By the summer of 2022, they formally launched Perplexity — just a week after ChatGPT.


Building an Answer Engine

In a crowded market of AI startups, Yarats remains grounded in his commitment to research and rigor.

“In academia, you always cite your sources,” Yarats said. “We brought that same principle to Perplexity: facts should be traceable, just like citations and an H-index.”

While early language models often “hallucinated” false information, Perplexity ensures every answer comes with verifiable references.

Even the company’s name reflects its academic roots. “Perplexity is what we worked on every day as Ph.D. students,” Yarats explained. “It’s the synonym of entropy — the uncertainty — you’re always trying to reduce.”

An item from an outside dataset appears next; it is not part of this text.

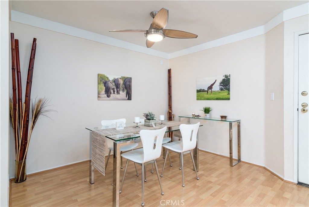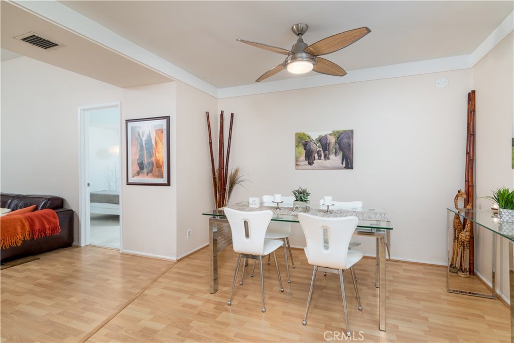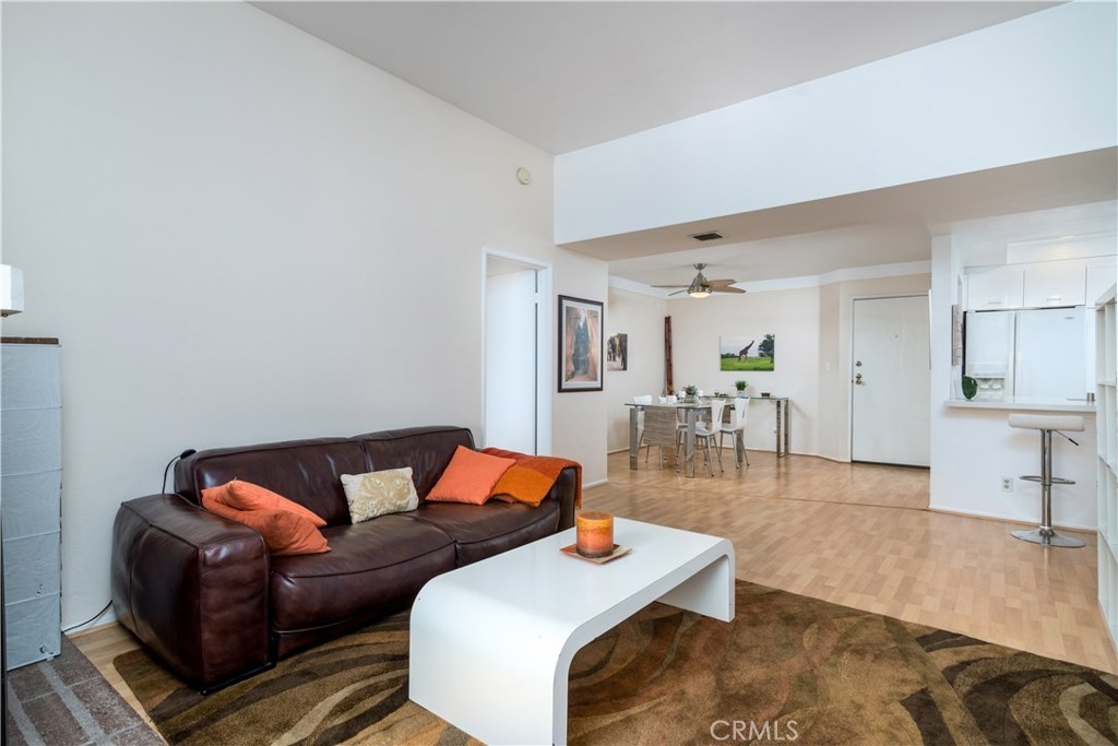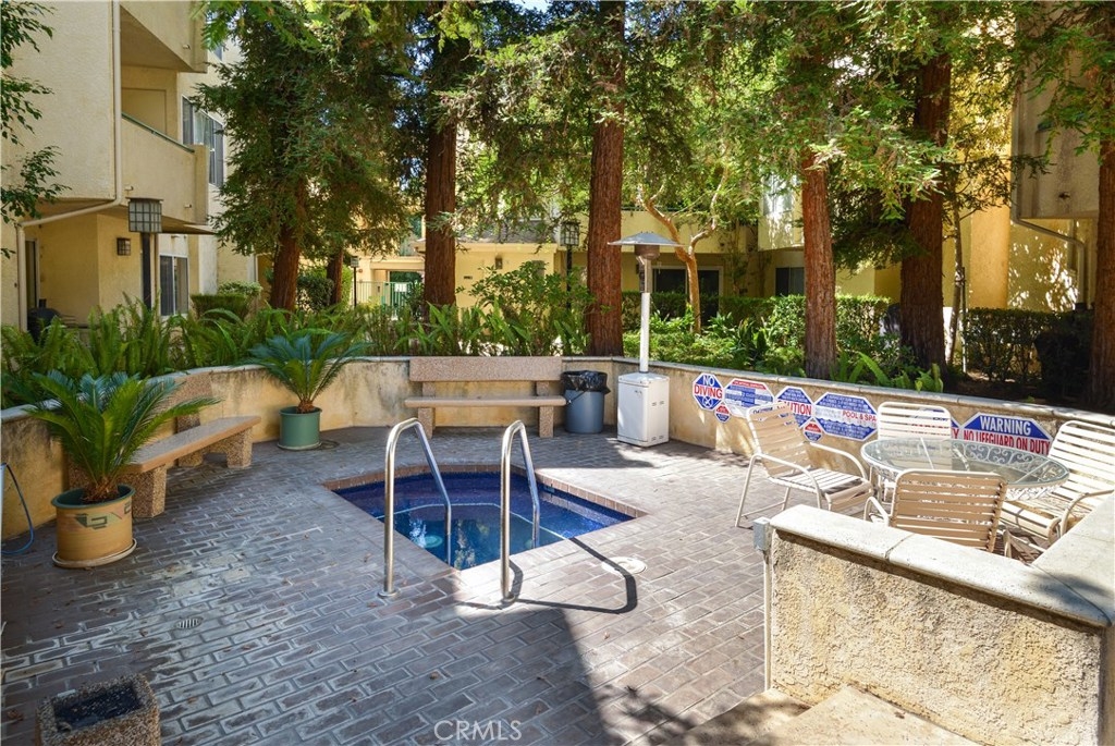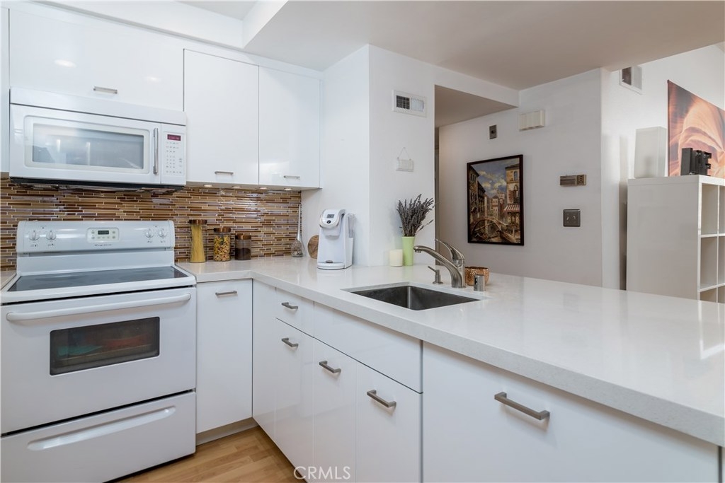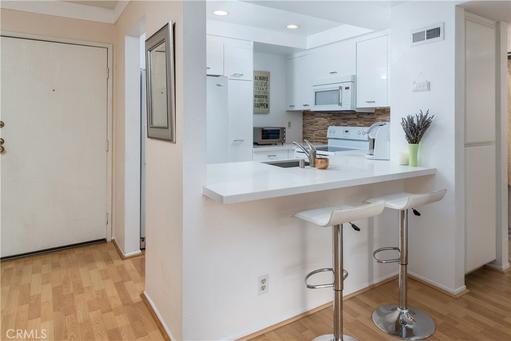 Beautiful Top floor unit with vaulted ceilings and views of the hills & treetops in a lovely landscaped complex-most beautiful complex in the area. Great Location, just 5 minutes away from the Village. Excellent floor plan. Gorgeous remodeled kitchen with upgraded white high gloss cabinets, Quartz countertops, & sharp modern backsplash. All appliances included: fridge, microwave, dishwasher, stove, and stackable washer dryer. Laminate flooring throughout the kitchen, dining, living room and hallway with upgraded fireplace in living room. Doves and hummingbirds visit the large balcony regularly! Generously sized master bedroom with en-suite dual sink vanity and bathroom with shower. The second bedroom and bath are on the opposite side of the unit. This is great for privacy and or roommates. This unit only shares a wall on one side (very quiet). The complex amenities include pool, Jacuzzi , and tennis courts. Located a few minutes away from the Village, Westfield Topanga mall, dozens of restaurants, green parks, and more. This unit offers two parking spots in carport with extra storage. Pet friendly building. HOA includes Water, trash, sewer, & earthquake insurance. Great opportunity to own your own home. Come see it. BRAND NEW AC UNIT /TEN YEAR WARRANTY included.

Blending Academia and Startup Culture

With roots in research, Yarats emphasizes that while Perplexity has developed the structure of a traditional tech startup, it still operates like a lab — combining the best of both worlds.

His teams remain intentionally small, never more than five people per project, to focus on solving real problems rather than managing coordination. The setup mirrors the philosophy of doctoral research, where progress depends on rapid experimentation balanced by the patience and determination for a result.

Despite leaving his degree unfinished, Yarats feels little has changed. “I’m still doing research,” he said. “Now I just have the resources to pursue bigger, harder problems.”


Looking Ahead

Earlier this month, Perplexity announced the global launch of Comet, its new AI-powered web browser. Designed as a personal assistant, it can search the web, organize tabs, draft emails, and shop online — all through a conversational interface. By making the browser free to users worldwide, the company unlocks a new distribution channel and opens itself to a broader customer base.

“It feels great when you have an idea, you test it, and then the rest of the world agrees with you,” Yarats said.